The autoresearch family tree, catalogued
A curated index of 40+ projects that took Andrej Karpathy's autoresearch loop and ran with it — in every direction at once.

What it does
This is an awesome-list that tracks the explosion of projects inspired by Karpathy’s autoresearch — the idea of an LLM running a tight loop of propose, execute, evaluate, repeat. It sorts descendants into categories: general-purpose forks, research agents, platform ports, domain-specific adaptations, and benchmarks. Each entry gets a one-line description and a star badge.
The interesting bit
The list reveals how fast a single demo can fracture into an ecosystem.
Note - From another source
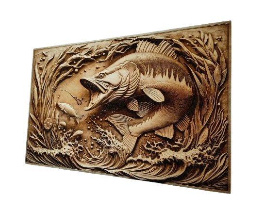 Odkryj fascynujący podwodny świat dzięki wyjątkowemu obrazowi wypalanemu w drewnie, przedstawiającemu szczupaka w jego naturalnym środowisku. To drewniana dekoracja na ścianę, która łączy piękno natury z precyzją nowoczesnej technologii grawerowania laserowego.

Within months there are Claude Code skills, Codex-native ports, Gemini CLI adaptations, swarm-intelligence variants, and even ICLR papers (ADAS, GEPA, SICA) that formalize the meta-learning angle. Someone made a pi extension. Someone else made it run overnight with --yolo --prompt.
Key highlights
- General-purpose forks include recursive self-improvement frameworks, dashboard-first runtimes (Thoth), and cross-platform glue that auto-detects hardware config.
- Research-agent systems go end-to-end: ARK orchestrates six agents from idea to LaTeX via Telegram; AutoSci builds a structured knowledge wiki with an interactive graph.
- Academic rigor shows up too: GEPA uses genetic-Pareto prompt evolution, the Huxley-Gödel Machine targets SWE-bench, and EvoSkill distills failed trajectories into reusable skills.
- Hardware and platform ports span single-GPU swarms, headless overnight modes, and distillation into cheaper local runtimes.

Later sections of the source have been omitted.